Rob Zacny has a thought provoking piece up at the Escapist: on the whole, we're the worst genre when it comes to preserving our history, even the great classics acknowledged as 'great.' In a society — never mind technical area — where progress and marching forward is the name of the game, it's not exactly surprising, but a problem nonetheless. And not just for the history buffs among us:

Gamers are used to this problem by now, but that doesn't make it any more tolerable. Imagine if nobody could listen to a Duke Ellington record, or watch a Hitchcock movie, or read a Yeats poem. Not only would that rob us of our cultural inheritance, it would eliminate the influence that these artists have on contemporary culture. The same principles should apply to games. As gamers, we need to recognize that some games are more than disposable diversions, and that their relevance endures even as the technology that created and supported them falls into obsolescence.

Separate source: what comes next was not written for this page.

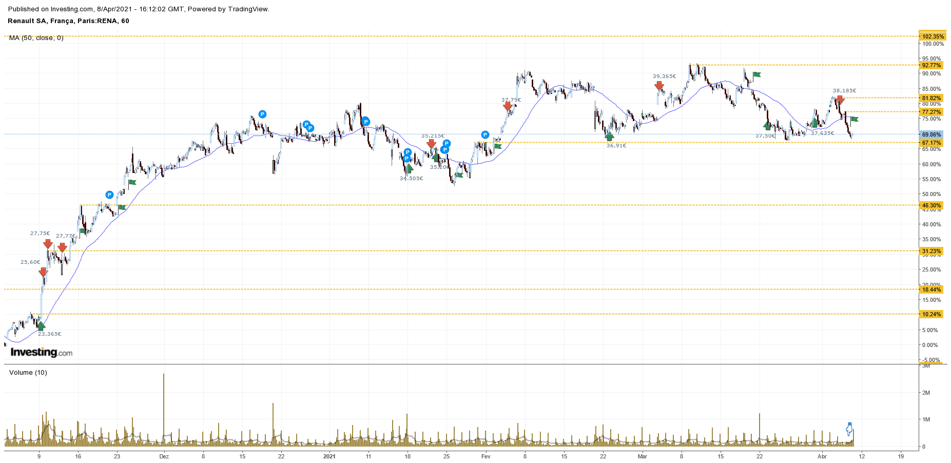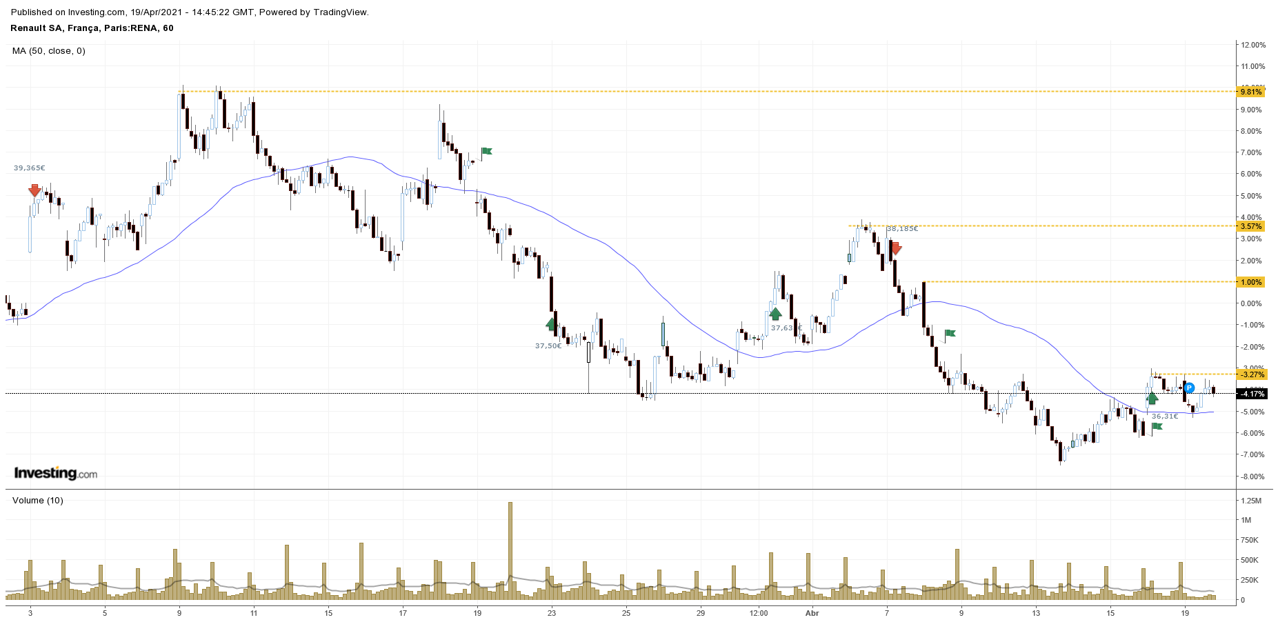 Neste momento e desde que começou a inverter a tendência, o intervalo é 41,31€/34,87€.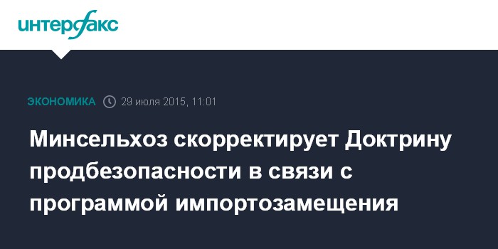 Москва. 29 июля. INTERFAX.RU – Минсельхоз внесет изменения в Доктрину продовольственной безопасности в связи с программой импортозамещения.

Preserving and promoting classic games is vital to the health of the entire industry. In gaming, as much as any art form, "merit" is not always self-evident. Anyone with a passionate interest in game development should have a sense of what has already been achieved, and that cannot be developed if gamers are only playing "the latest and greatest" titles.

Zacny suggests a concerted effort at rereleases, a 'classics revival' of sorts. I'm personally quite excited by the fact that several institutions are making a concerted effort at planning for and undertaking archiving of games and consoles — I hope, much like my beloved books that were out of print by the middle of the 19th century but were lovingly reprinted in the 20th, we see a trickle down effect from that. A more concerted effort on the part of publishers would be fabulous, but that will require an audience hungry to purchase this stuff.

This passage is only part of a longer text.